Даже самое лицо Гофмана изменилось. Мальчик он был почти красив вызывающей дерзостью лица. Помню, как Е. И. О-ва, с которой я познакомил Гофмана, отозвалась о нем после первой встречи: «Хорошенький мальчишка, только очень самоуверен!» Другая дама, в те дни, назвала Гофмана «бесенком». Этот «бесенок» в Гофмане с годами исчез совершенно. Его лицо приобрело ту задумчивость, которая знакома по его портретам. Пенсне, которое он стал носить постоянно, и две складки на лбу, между глазами, придали этому лицу выражение строгости, какого-то неизменного вопроса. Вообще Гофман вырос, возмужал, сложился во взрослого человека, и его уже никто не назвал бы «мальчишкой». Только поэзия Гофмана свидетельствует, что в глубине души он остался прежним. Нежность детской души, порывистость мальчика, пламенность юноши, все это осталось живо в позднейших стихах Гофмана, как сохранилась в них и неизменная певучесть, этот «случайный и несправедливый дар неба», роднящий Гофмана в нашей литературе с Лермонтовым, Фетом и Бальмонтом.
В своей рецензии на «Книгу Вступлений» я писал: «Суждено ли Гофману изведать смерчи жизни, он не знает и сам, как не знает, сожжет ли его этот огненный вихрь». По-видимому, «смерчи» не минули Гофмана, и сожжен он был не этим «огненным вихрем». Многое для вдумчивого читателя открывают такие строфы, как (1908 г.):
Это — то же, что когда-то юноша Гофман пытался выразить своим парадоксом об «удовольствии мгновенья», но насколько углубленное, как-то по новому пережитое, воспринятое и отраженное!
В 1909 г. (сколько помнится) В. Гофман покинул Москву и переехал жить в Петроград. Внешним поводом было сотрудничество в петроградских изданиях. Москва не подходящий город для лиц, живущих литературным заработком — в ней журналов мало, круги газетных сотрудников строго замкнуты. В частности, работа в «Весах» как в журнале небольшом по размерам не могла служить сколько-нибудь чувствительным подспорьем. Но была у Гофмана и другая причина уехать из Москвы, в которой прошла его юность: необходимо было в корне изменить жизнь. Другие лучше меня смогут объяснить эти условия. Только по отрывочным намекам из слов самого Гофмана я знаю, что он более не мог продолжать жизнь, которую вел четыре года. Считаю себя вправе засвидетельствовать, что Гофман, в этих обстоятельствах, держал себя с благородством безупречным. Он сам сильно страдал от создавшегося положения, но вся жизнь казалась впереди, и было преступлением искажать ее ради педантических понятий об отвлеченном «долге». Гофман решительно рассек узы прошлого и пошел навстречу новой жизни.

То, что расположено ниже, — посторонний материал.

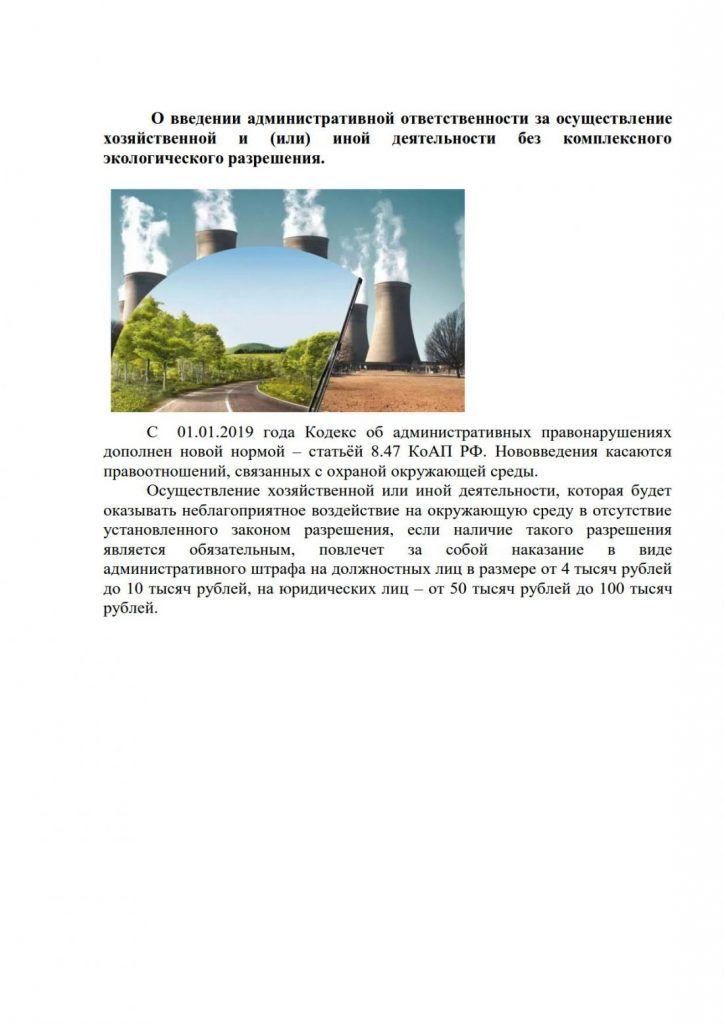 О введении административной ответственности за осуществление хозяйственной и (или) иной деятельности без комплексного экологического разрешения

После отъезда Гофмана из Москвы я виделся с ним редко, — урывками, во время его приездов к нам и моих поездок в Петроград.

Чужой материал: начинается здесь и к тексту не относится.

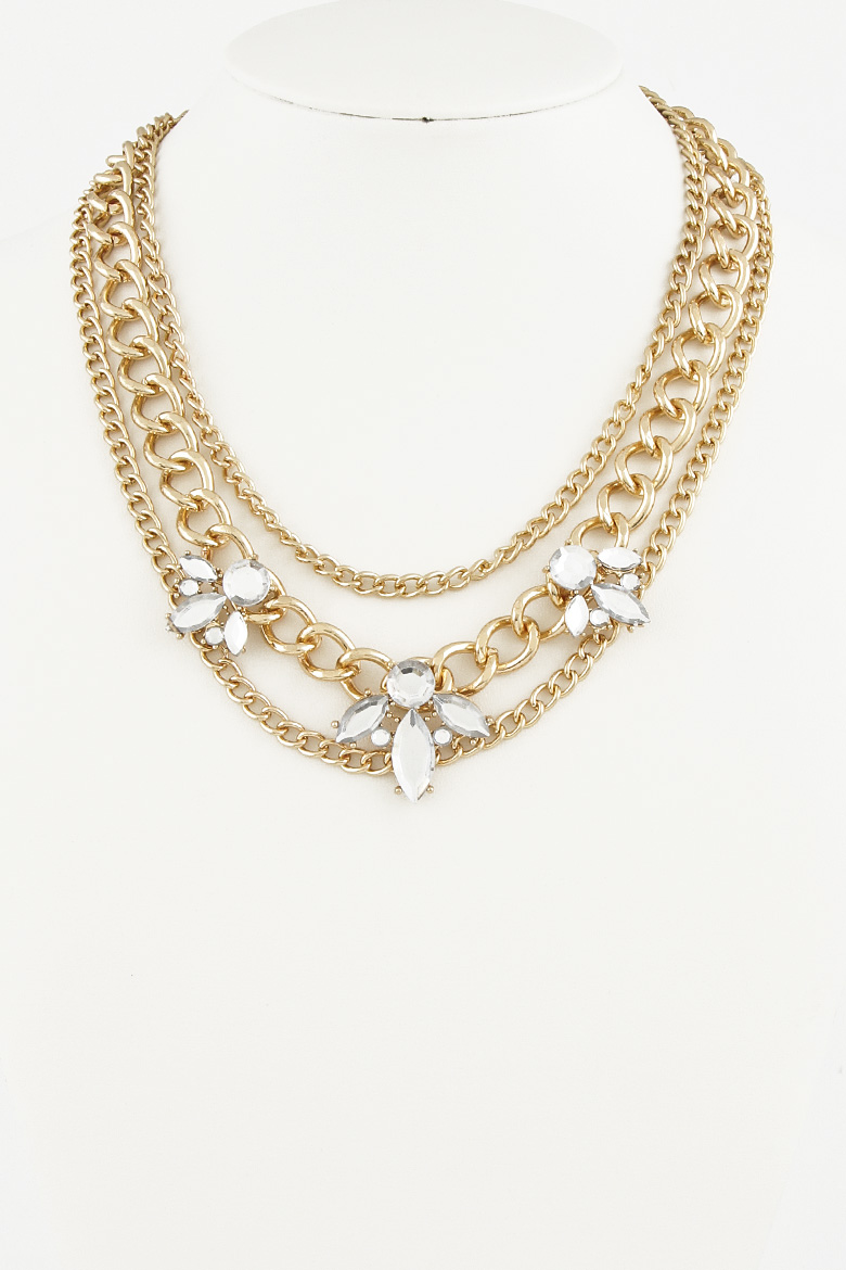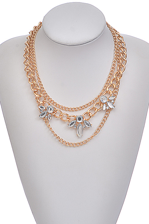 - * Chained Floral Rhinestone Necklace

Не мог я и внимательно следить за литературной деятельностью Гофмана, так как сосредотачивалась она преимущественно в петроградских газетах. Но всегда с волнением читал я новые стихи Гофмана и с интересом его рассказы. Между прочим, я просил у него рассказ для «Весов», но Гофман ответил мне, что даст только тогда, когда напишет что-нибудь достойное: напечатанными рассказами он сам не был вполне удовлетворен. Напротив, общие наши друзья отзывались о прозе Гофмана с большой похвалой. Чувствовалось (это именно «чувствуется»), что его коснулся, наконец, «успех», что лед равнодушия пробит. Проживи Гофман еще 2—3 года, для него началось бы быстрое восхождение. Уже составился круг читателей Гофмана, уже создавались страстные его поклонники, уже слабо розовела заря того дня, который именуется «славой», – тоже «случайный» и часто «несправедливый» дар неба, на этот раз предназначавшийся тому, кто его заслуживал по праву.